PROBLEM DESCRIPTION: All that is needed is the first stretch of the listing below, repeated exactly and ending with the line that contains "- บ้านสัตว์เลี้ยงในร่มแบบปิดที่เป็นมิตรกับสิ่งแวดล้อม |". Pictures are to be left out.

STORED DATA:
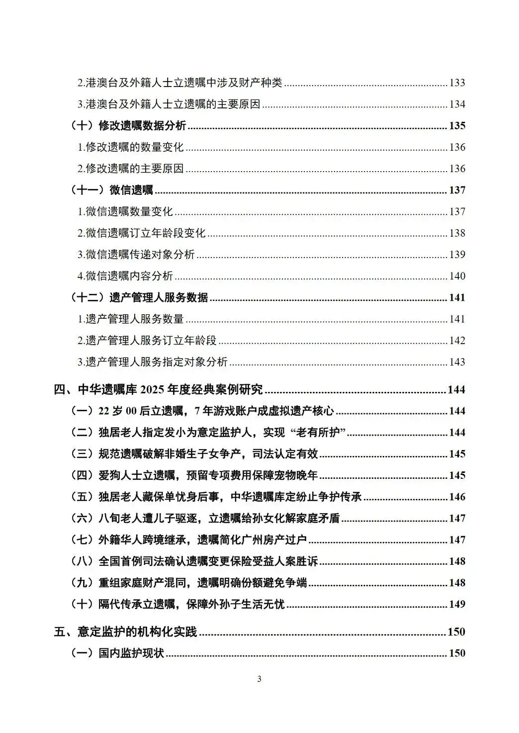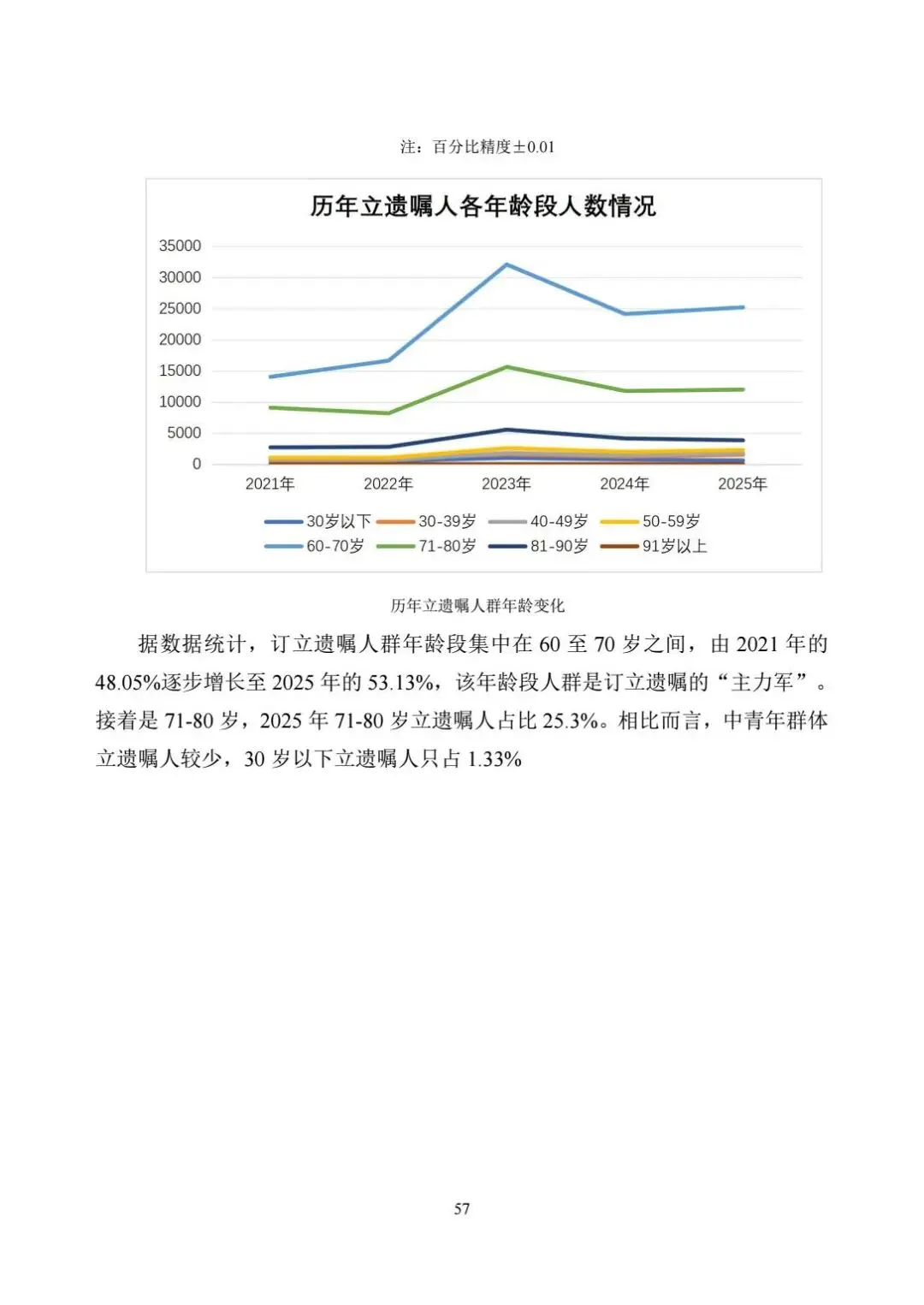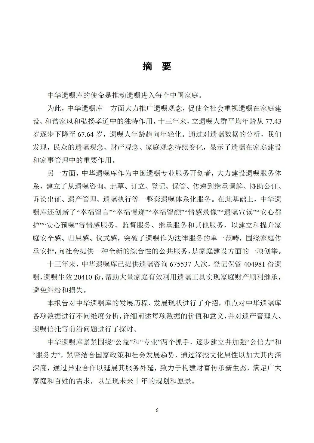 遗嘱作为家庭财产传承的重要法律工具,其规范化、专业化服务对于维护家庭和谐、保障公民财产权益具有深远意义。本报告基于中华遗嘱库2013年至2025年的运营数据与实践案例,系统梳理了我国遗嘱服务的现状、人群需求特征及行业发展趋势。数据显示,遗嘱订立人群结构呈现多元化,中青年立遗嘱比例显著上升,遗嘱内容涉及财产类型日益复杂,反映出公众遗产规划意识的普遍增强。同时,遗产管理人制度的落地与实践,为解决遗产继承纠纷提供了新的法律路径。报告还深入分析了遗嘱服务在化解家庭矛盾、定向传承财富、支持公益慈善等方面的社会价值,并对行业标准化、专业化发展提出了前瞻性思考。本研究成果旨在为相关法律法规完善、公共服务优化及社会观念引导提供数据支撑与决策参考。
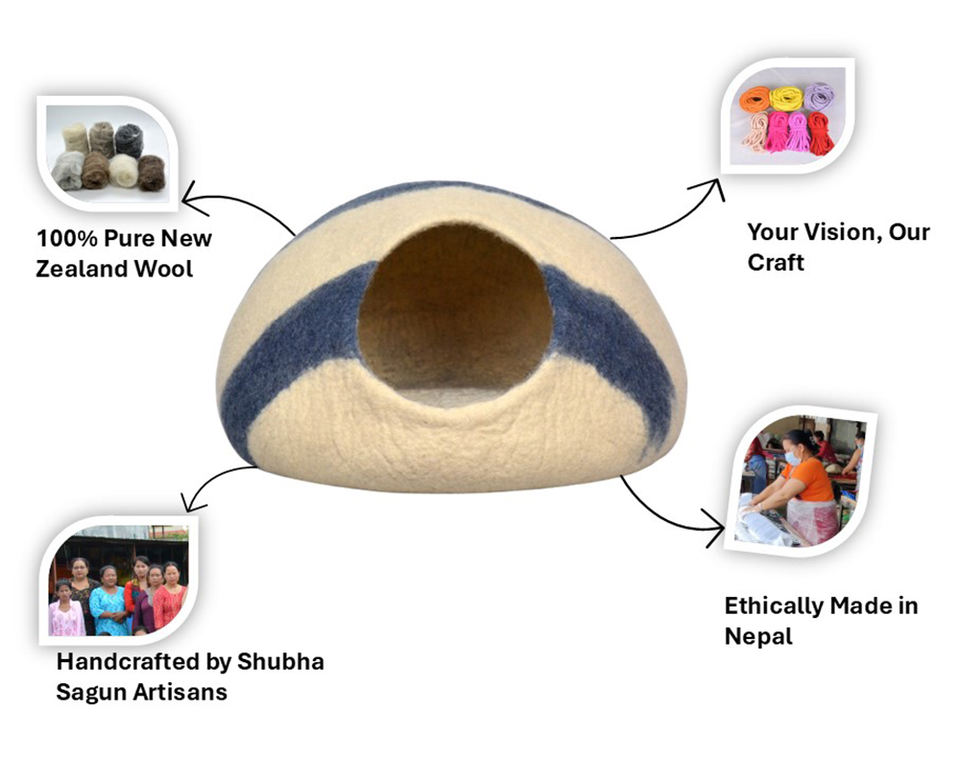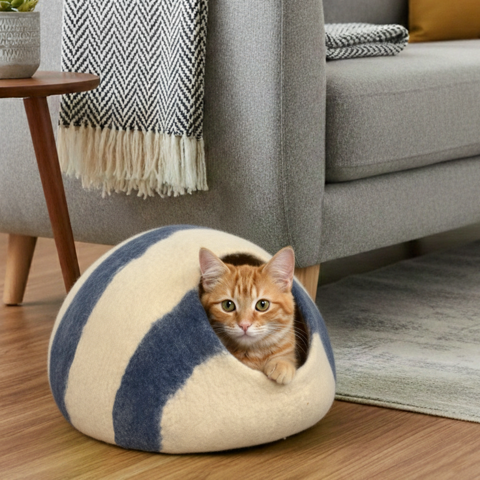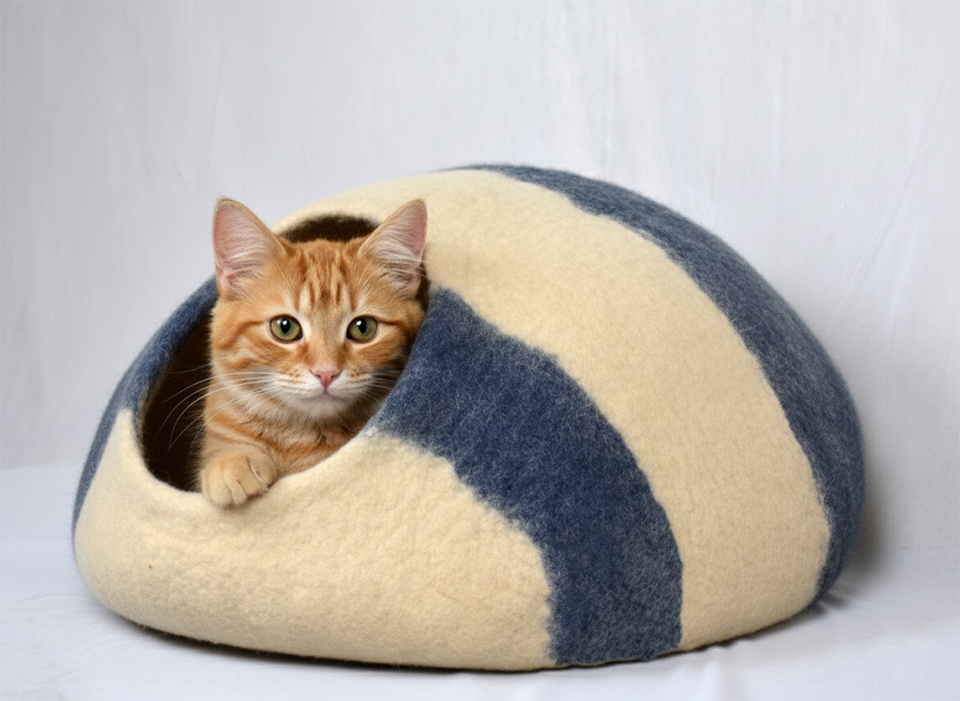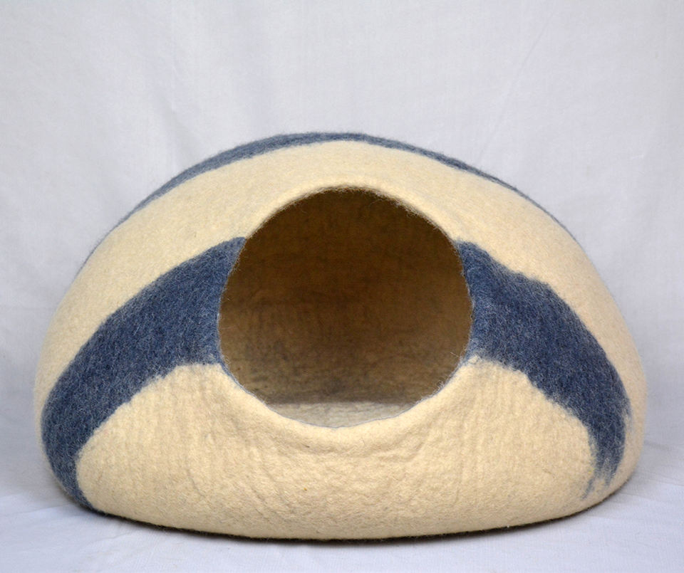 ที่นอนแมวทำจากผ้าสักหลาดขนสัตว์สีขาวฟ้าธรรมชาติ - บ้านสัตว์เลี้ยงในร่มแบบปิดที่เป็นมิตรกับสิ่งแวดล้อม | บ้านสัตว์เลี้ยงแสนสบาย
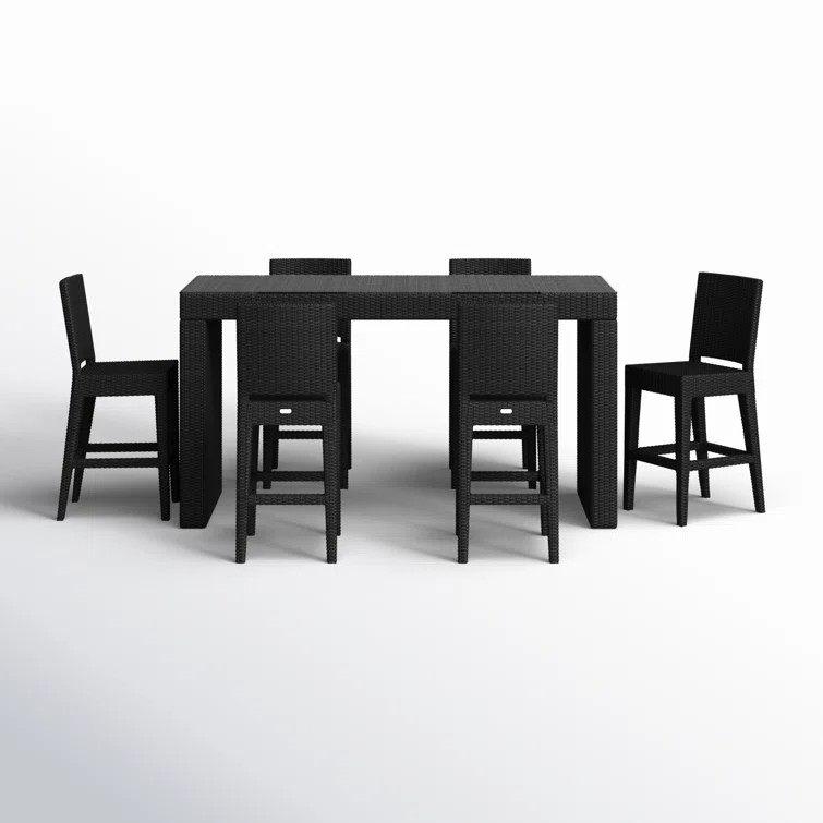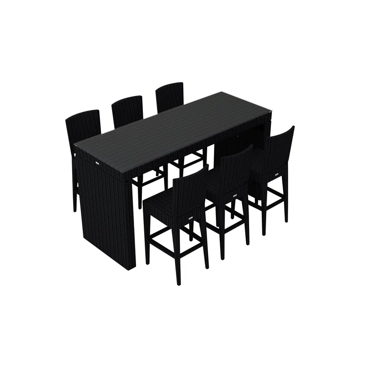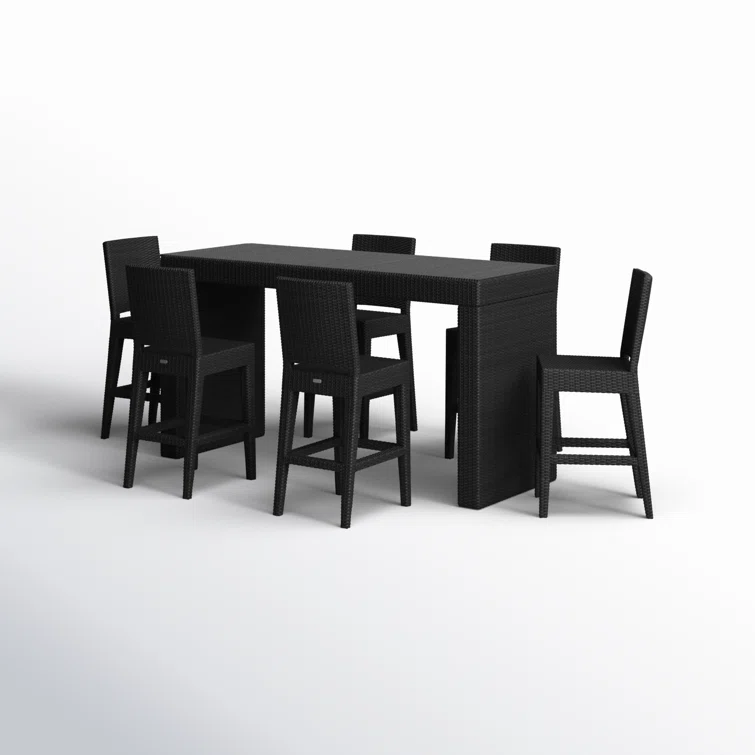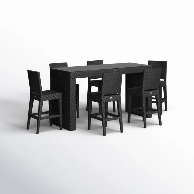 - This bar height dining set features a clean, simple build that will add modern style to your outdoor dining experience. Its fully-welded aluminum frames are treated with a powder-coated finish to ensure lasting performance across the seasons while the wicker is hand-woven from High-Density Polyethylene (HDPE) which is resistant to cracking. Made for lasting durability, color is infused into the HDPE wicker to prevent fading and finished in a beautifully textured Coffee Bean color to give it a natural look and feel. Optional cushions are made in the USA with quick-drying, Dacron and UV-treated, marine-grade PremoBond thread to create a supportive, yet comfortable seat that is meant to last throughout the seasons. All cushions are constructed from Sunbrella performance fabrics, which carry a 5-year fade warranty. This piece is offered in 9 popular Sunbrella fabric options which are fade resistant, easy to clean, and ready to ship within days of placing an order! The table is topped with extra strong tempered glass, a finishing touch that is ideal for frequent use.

WRITTEN RESPONSE:
 遗嘱作为家庭财产传承的重要法律工具,其规范化、专业化服务对于维护家庭和谐、保障公民财产权益具有深远意义。本报告基于中华遗嘱库2013年至2025年的运营数据与实践案例,系统梳理了我国遗嘱服务的现状、人群需求特征及行业发展趋势。数据显示,遗嘱订立人群结构呈现多元化,中青年立遗嘱比例显著上升,遗嘱内容涉及财产类型日益复杂,反映出公众遗产规划意识的普遍增强。同时,遗产管理人制度的落地与实践,为解决遗产继承纠纷提供了新的法律路径。报告还深入分析了遗嘱服务在化解家庭矛盾、定向传承财富、支持公益慈善等方面的社会价值,并对行业标准化、专业化发展提出了前瞻性思考。本研究成果旨在为相关法律法规完善、公共服务优化及社会观念引导提供数据支撑与决策参考。
 ที่นอนแมวทำจากผ้าสักหลาดขนสัตว์สีขาวฟ้าธรรมชาติ - บ้านสัตว์เลี้ยงในร่มแบบปิดที่เป็นมิตรกับสิ่งแวดล้อม | บ้านสัตว์เลี้ยงแสนสบาย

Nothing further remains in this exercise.